4. Theory#

This page explains the scientific and statistical theory behind Maud, and then explains in broad terms how Maud implements that theory.

Look out for a paper setting this out in more detail in the near future!

4.1. The big picture#

The overall aim of an analysis using Maud is to synthesise information from the following sources:

Quantitative measurements of a cell’s metabolites, enzymes and fluxes.
A mechanistic model that describes how each reaction in the metabolic network works in terms of some unknown parameters. Since Maud’s model involves thermodynamics and kinetics, and because it sounds cool, we call it a “thermokinetic model”.
Information about the parameters in the model from sources other than the measurements, such as databases like [Placzek et al., 2016].

These information sources are interesting on their own, but it is clear that they are even better in combination. For example, there is not much gained by accurately parameterising an enzyme’s mechanism without knowing the values of the parameters, and the more sources of parameter information the better!

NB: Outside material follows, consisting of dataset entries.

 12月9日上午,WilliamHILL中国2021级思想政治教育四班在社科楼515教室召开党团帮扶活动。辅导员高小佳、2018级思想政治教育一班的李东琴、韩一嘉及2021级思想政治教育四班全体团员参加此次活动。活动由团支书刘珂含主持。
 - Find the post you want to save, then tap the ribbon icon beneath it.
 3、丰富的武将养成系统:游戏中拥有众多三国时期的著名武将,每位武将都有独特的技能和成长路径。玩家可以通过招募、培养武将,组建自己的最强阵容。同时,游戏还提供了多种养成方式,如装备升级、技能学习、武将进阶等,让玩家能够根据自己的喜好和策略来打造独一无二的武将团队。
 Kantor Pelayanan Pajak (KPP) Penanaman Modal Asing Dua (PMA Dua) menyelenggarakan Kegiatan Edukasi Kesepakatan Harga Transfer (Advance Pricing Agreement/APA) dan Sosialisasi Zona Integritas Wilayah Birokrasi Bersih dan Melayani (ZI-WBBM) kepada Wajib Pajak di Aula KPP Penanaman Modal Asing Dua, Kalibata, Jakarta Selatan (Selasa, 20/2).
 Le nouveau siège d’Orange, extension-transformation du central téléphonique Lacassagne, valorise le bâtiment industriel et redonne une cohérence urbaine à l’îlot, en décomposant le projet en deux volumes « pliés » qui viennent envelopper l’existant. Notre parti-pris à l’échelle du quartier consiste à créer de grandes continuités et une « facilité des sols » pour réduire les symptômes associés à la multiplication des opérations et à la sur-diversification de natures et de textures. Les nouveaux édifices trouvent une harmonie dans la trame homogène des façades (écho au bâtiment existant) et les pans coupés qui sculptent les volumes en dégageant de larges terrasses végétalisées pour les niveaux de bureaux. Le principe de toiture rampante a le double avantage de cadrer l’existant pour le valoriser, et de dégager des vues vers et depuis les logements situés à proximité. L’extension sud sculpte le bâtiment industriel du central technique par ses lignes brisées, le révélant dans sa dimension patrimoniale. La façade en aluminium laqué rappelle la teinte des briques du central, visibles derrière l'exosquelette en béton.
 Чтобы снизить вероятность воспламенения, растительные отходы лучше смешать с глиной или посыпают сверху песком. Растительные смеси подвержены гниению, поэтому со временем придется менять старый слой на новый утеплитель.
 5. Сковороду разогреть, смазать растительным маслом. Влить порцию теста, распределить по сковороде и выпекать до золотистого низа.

By treating this problem as a case of Bayesian statistical inference, it is possible to partition these information sources into separate sub-models:

A measurement model describing what is learned from any set of measurements using conditional probability distributions with the form $p(y\mid\hat{y})$, where $y$ represents the observed and $\hat{y}$ the true values of the measured quantities.
A generative model, encompassing our thermokinetic model, that describes how measurable quantities depend on parameters, i.e. a function $g:\Theta\rightarrow\hat{\mathfrak{y}}$ mapping any possible configuration of parameters $\theta$ to a set of measurable quantities $\hat{y}$.
A prior model describing what is known about the unobserved parameters using an unconditional probability function with the form $p(\theta)$.

Given submodels in this form, and a set of measurements $y$ the posterior distribution $p(\theta\mid y)$ synthesises the available information as we want. Questions about the network can be formulated in terms of integrals over the posterior distribution. For example, suppose that our thermokinetic model says that the flux through a reaction is given by the function $flux: \Theta\rightarrow\mathbb{R}$; our model’s probability, given measurements $y$, that the flux is greater than $x$ is then $\int_x^\inftyp(\theta\mid y)d\theta$.

The rest of this page sets out how Maud fleshes out the three sub-models and then briefly explains how it goes about calculating the required posterior integrals.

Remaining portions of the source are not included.